Box Plot Calculator | Five-Number Summary, IQR & Outlier Detection
Compute the five-number summary (minimum, Q1, median, Q3, maximum) from raw data. Calculates the interquartile range (IQR), inner and outer Tukey fences, and identifies mild and extreme outliers. Shows sorted data, mean, and standard deviation alongside the box plot statistics.
What Is the Box Plot Calculator | Five-Number Summary, IQR & Outlier Detection?
A box plot (box-and-whisker plot) visualizes the distribution of a dataset using five key statistics. The box spans the interquartile range (Q1 to Q3) showing the middle 50% of the data. The line inside the box is the median. Whiskers extend to the last data point within the Tukey fences, and points beyond the fences are flagged as outliers.
Formula
Five-number summary: min, Q1 (median of lower half), Q2 (median), Q3 (median of upper half), max. IQR = Q3 − Q1. Tukey fences: inner = Q1 ± 1.5·IQR, outer = Q1 ± 3·IQR. Skewness = 3(mean − median) / σ.
How to Use
- 1
Type or paste your data values in the text area, separated by commas (e.g. 10, 20, 35, 40, 55).
- 2
At least 4 data points are required to compute meaningful quartiles.
- 3
Click Calculate Box Plot Statistics to compute all statistics.
- 4
Read the five-number summary (min, Q1, median, Q3, max) from the card row.
- 5
Check the IQR, mean, standard deviation, and range in the secondary stats row.
- 6
Look at the ASCII box plot to visualize the distribution shape at a glance.
- 7
Review the Tukey fence table and any detected mild or extreme outliers.

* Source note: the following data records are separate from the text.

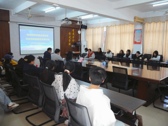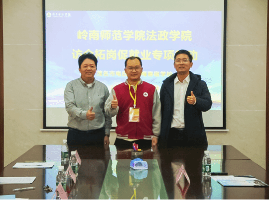 为深入贯彻落实党中央、国务院关于高校毕业生就业工作的决策部署,搭建校企合作交流平台,拓宽毕业生就业渠道,2025年12月28日,法政学院于弘雷楼313室开展2026届企业座谈暨招聘宣讲会议,茂名市电白区杨梅寄宿学校招生办校长林华海,岭南师范学院法政学院书记李德深、副书记易贤、辅导员老师黄诗娜以及学生代表出席此次会议。
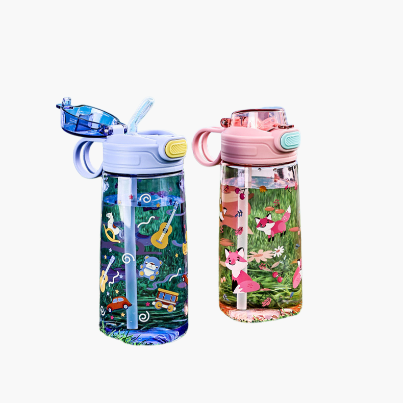 Tragbarer Cartoon-Plastikbecher, leicht und robust, ideal für unterwegs. BPA-frei, auslaufsicher, kindgerechtes Design, einfache Reinigung, vielseitig einsetzbar.
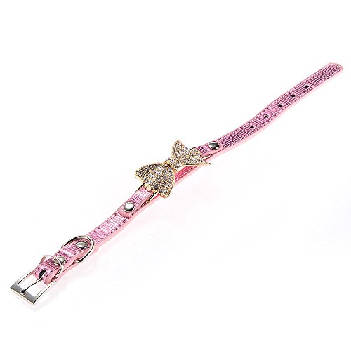 Collare Regolabile in PU Cuoio Rosa con Fiocco Strass per Cani Gatti 1,5x37cm
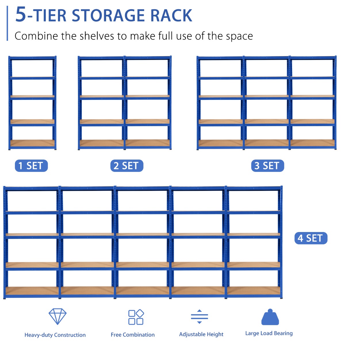 Extra Storage for Limited Space: This 5-tier shelving unit is perfect for use in areas with limited space and it can maximize your storage space in just a few minutes. If necessary, the 5-tier shelving can also be used individually or together with multiple shelves to make use of more storage space and fully meet your daily storage needs.
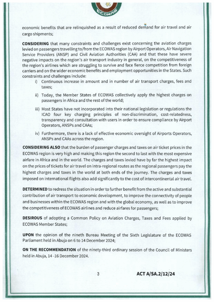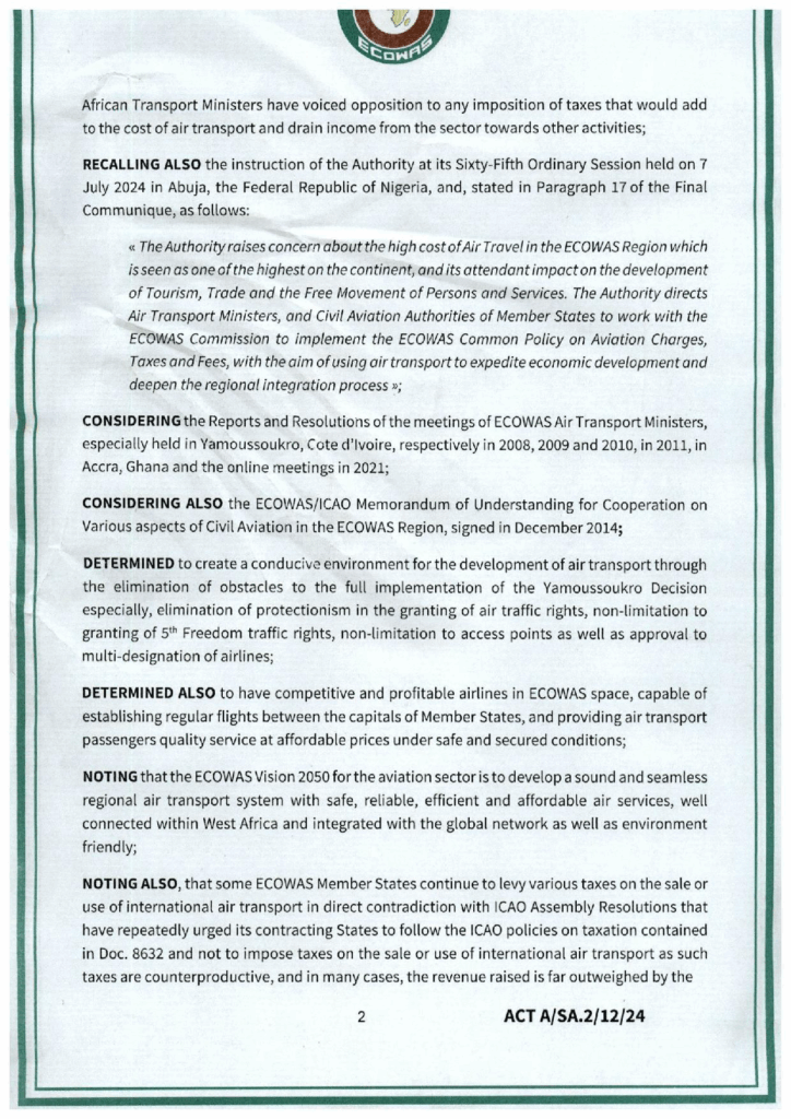 The decision, taken by the Heads of State and Government at the December 2024 Summit in Abuja, is anchored in a new Supplementary Act on Aviation Charges, Taxes and Fees.
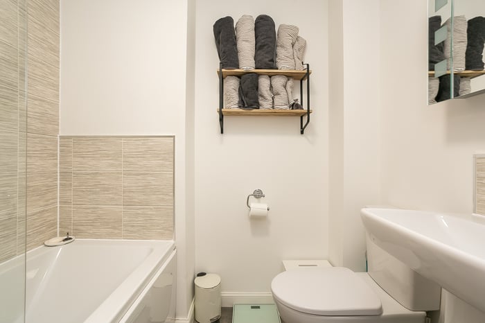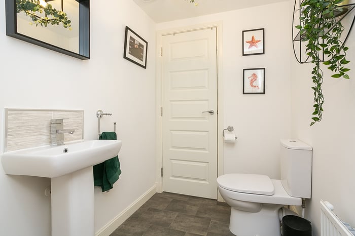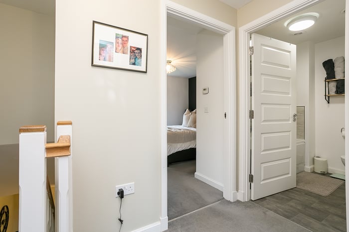 The family bathroom is fitted with a three-piece suite, including a mains shower over the bath, tiled splash walls and a shaver point.
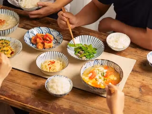 每頓飯只吃七分飽,從來都不過量進食,而且特別注重營養物質均衡的搭配,每頓飯的餐桌上都有大大小小的碗碟,這樣可以更科學地攝入營養物質,幫助保持健康。

Enter your data values separated by commas in the text area, then click Calculate. You can paste data from a spreadsheet or type values manually.
Example Calculation
Dataset: 10, 12, 14, 15, 15, 16, 17, 18, 19, 20, 21, 55, 80. After sorting, Q1=14, median=17, Q3=20, IQR=6. Inner upper fence=20+9=29. Values 55 and 80 exceed the inner fence so both are mild or extreme outliers.
Understanding Box Plot | Five-Number Summary, IQR & Outlier Detection
Tukey Fence and Outlier Reference
| Fence | Formula | Classification | Typical Action |
|---|---|---|---|
| Inner Lower | Q1 − 1.5 × IQR | Mild outlier if below | Investigate; may be valid extreme value |
| Inner Upper | Q3 + 1.5 × IQR | Mild outlier if above | Investigate; may be valid extreme value |
| Outer Lower | Q1 − 3.0 × IQR | Extreme outlier if below | Likely data error or rare event |
| Outer Upper | Q3 + 3.0 × IQR | Extreme outlier if above | Likely data error or rare event |
| Whisker end | Last in-fence data point | Normal range | Box plot whisker extends here |
Quartile Calculation Methods Compared
| Method | Q1 Definition | Q3 Definition | Used By |
|---|---|---|---|
| Tukey / Inclusive | Median of lower half (excl. Q2 for odd n) | Median of upper half (excl. Q2 for odd n) | R, this calculator, exploratory stats |
| Exclusive | Median of lower half (always excl. median) | Median of upper half (always excl. median) | Some textbooks |
| Linear interpolation | Interpolated at 25th percentile | Interpolated at 75th percentile | Excel QUARTILE.INC, Python numpy |
| Nearest rank | Value at ⌈n/4⌉th position | Value at ⌈3n/4⌉th position | Some statistical software |
Interpreting Box Plot Skewness
- ▸Symmetric distribution: median is centered in the box; whiskers are approximately equal length; Pearson skewness ≈ 0.
- ▸Right-skewed (positive): median is closer to Q1; right whisker is longer; mean > median; Pearson skewness > 0.1.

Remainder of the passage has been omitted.